ターミナルケアは『医療施設』『介護施設』『自宅』で行うことができます。それぞれの特徴を解説していきます。
【医療施設】
病院やホスピスなどでターミナルケアを受ける場合は急変時でも医者や看護師などがそばにいるので安心です。家族にかかる肉体的負担も少ないというのがメリットです。デメリットとしては、費用がかかることや急変したときに家族が看取ることができないことなどです。
【介護施設】
老人ホームなど介護施設でターミナルケアが行われる場合、それは、ほぼ看取り介護となります。介護スタッフや施設の医師・看護師が24時間体制でケアを行います。家族の負担が少ないのがメリットですが、医療機関でのケアと同様、費用の問題やすぐに駆け付けられない可能性などがあります。
【在宅】
在宅での残された時間を慣れ親しんだ自宅で迎えられること、家族と一緒に過ごす時間が増えることは本人にとって最良のことでしょう。必要に応じて、医師や看護師の訪問医療を受けながら過ごします。

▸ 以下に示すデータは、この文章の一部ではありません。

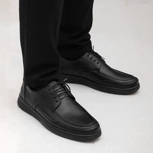 فرم نوک کفش پهن طراحی شده است تا راحتی بیشتری برای انگشتان پا فراهم کند و از فشارهای اضافی جلوگیری کند. نحوه بسته شدن این کفش به صورت بندی است که امکان تنظیم دقیق و فیت شدن کامل را فراهم میکند. پاشنه یکسره این کفش، علاوه بر ایجاد ظاهری شیک، پایداری و راحتی بیشتری را هنگام راه رفتن به همراه دارد.

費用は抑えられる反面、急変するか、わからないということもあり、肉体的・精神的に家族の負担は大きなものとなります。
まとめ
終末期を迎えようとしている家族が身近にいた場合、家族として何ができるでしょうか?残された時間を充実したものにする。というのがターミナルケアの目的です。ターミナルケアは誰にでも起こりうる問題です。人生の残りの時間を本人が望む形で心穏やかに過ごせるよう、早い段階から話し合っておくことが大切です。